◆ Materials provided:
[Start of section]

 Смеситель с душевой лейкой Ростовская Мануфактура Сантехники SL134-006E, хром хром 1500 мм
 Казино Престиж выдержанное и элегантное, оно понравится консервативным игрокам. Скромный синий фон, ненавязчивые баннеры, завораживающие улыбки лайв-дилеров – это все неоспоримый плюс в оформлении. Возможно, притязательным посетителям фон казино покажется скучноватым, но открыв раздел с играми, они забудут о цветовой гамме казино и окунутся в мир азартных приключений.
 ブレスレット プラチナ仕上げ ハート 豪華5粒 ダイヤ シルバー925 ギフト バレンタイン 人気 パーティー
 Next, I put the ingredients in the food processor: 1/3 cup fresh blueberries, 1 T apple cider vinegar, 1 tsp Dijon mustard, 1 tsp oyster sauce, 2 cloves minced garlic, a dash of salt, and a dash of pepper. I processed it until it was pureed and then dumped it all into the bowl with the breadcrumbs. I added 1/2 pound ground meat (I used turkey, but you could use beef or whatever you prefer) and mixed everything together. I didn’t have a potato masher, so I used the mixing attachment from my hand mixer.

[End of section]
[Start of section]

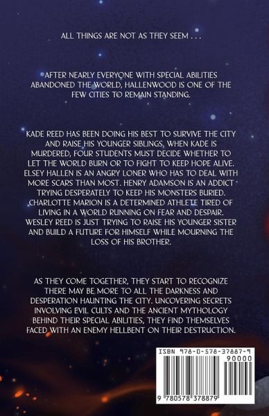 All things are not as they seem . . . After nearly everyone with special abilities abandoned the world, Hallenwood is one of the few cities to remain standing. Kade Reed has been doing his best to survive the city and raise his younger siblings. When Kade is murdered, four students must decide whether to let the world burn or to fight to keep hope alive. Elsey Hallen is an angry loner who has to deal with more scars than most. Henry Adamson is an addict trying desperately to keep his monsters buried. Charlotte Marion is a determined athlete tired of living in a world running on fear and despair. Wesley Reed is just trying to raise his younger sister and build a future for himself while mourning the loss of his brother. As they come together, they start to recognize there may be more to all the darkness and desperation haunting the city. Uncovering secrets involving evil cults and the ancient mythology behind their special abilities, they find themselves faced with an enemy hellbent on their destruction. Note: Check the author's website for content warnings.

[End of section]
[Start of section]

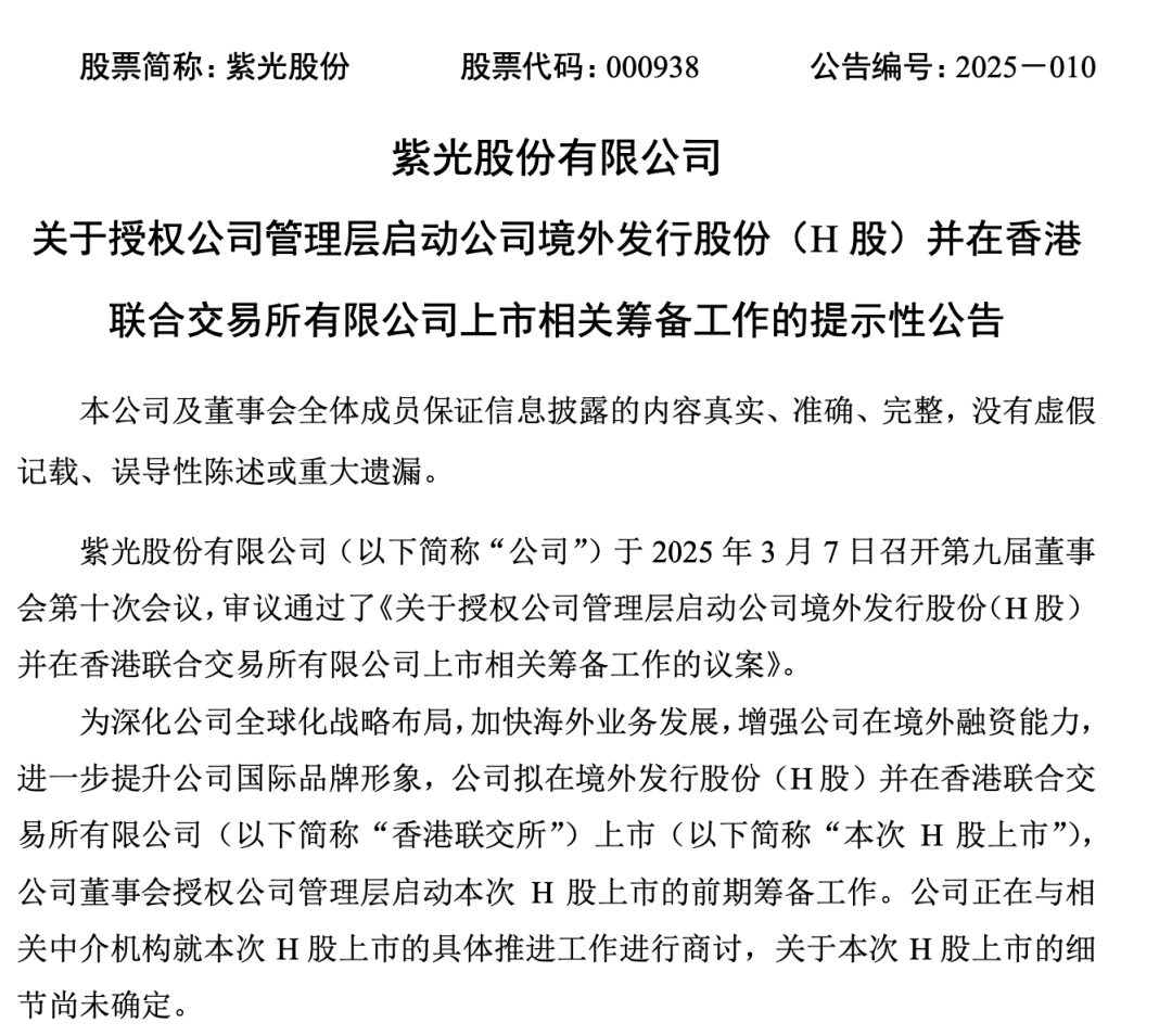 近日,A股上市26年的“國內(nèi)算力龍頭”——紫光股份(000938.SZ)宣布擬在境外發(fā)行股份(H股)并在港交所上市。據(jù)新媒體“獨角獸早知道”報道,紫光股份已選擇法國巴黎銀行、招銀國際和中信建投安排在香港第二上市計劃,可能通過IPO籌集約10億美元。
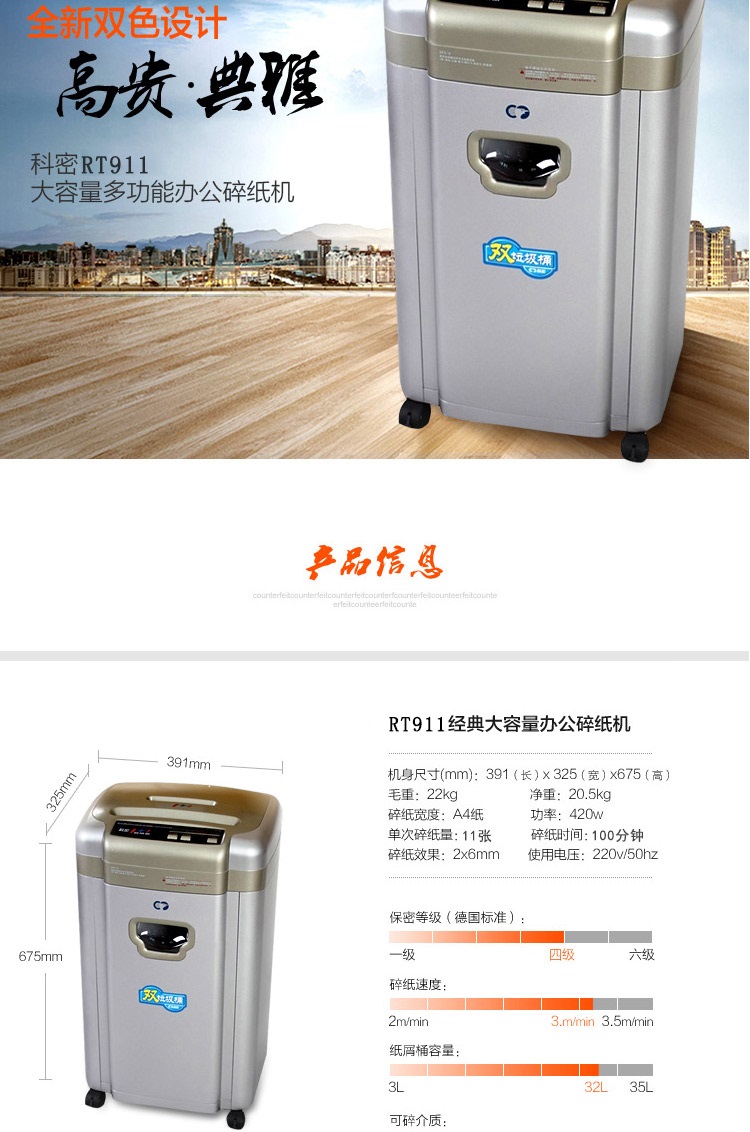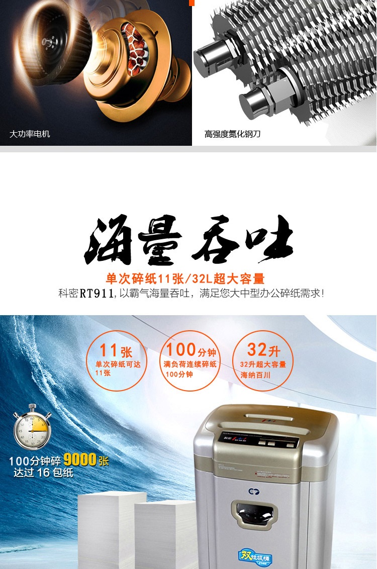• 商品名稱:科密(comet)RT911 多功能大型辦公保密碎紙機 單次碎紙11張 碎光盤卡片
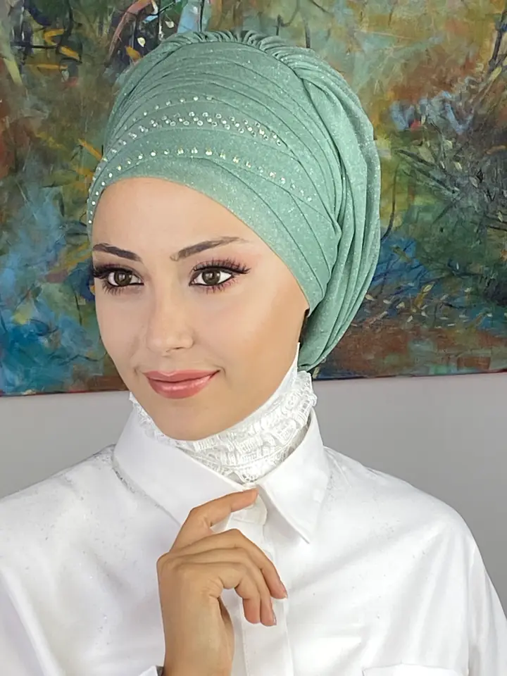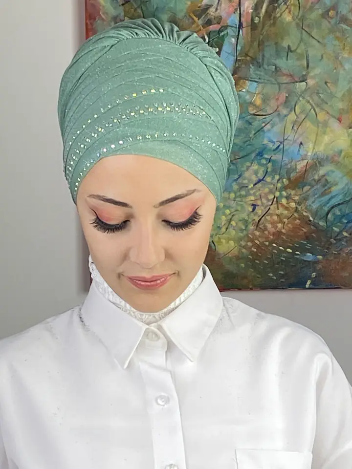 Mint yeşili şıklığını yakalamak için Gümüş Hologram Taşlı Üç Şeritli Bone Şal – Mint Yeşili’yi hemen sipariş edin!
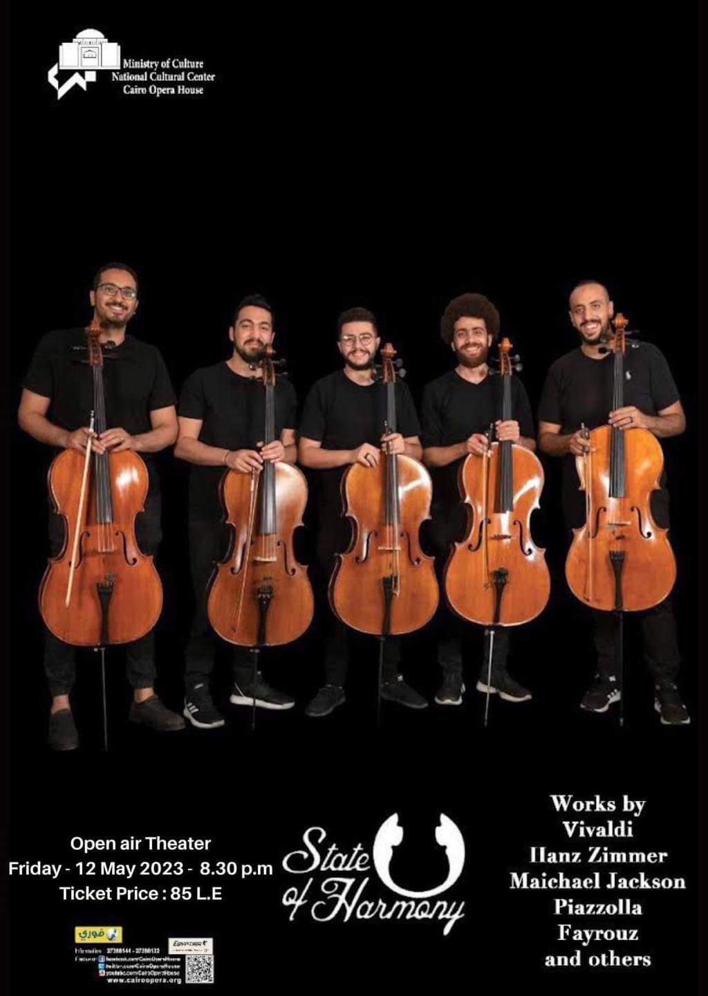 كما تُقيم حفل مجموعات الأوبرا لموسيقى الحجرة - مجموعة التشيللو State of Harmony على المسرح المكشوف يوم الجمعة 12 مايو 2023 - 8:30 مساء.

[End of section]

◆ Exercise prompt: Using the listing above, restate exactly the range between the lines holding "Mint yeşili şıklığını" and "كما تُقيم حفل", inclusive, with pictures left out.

◆ Result of this exercise:
 Mint yeşili şıklığını yakalamak için Gümüş Hologram Taşlı Üç Şeritli Bone Şal – Mint Yeşili’yi hemen sipariş edin!
 كما تُقيم حفل مجموعات الأوبرا لموسيقى الحجرة - مجموعة التشيللو State of Harmony على المسرح المكشوف يوم الجمعة 12 مايو 2023 - 8:30 مساء.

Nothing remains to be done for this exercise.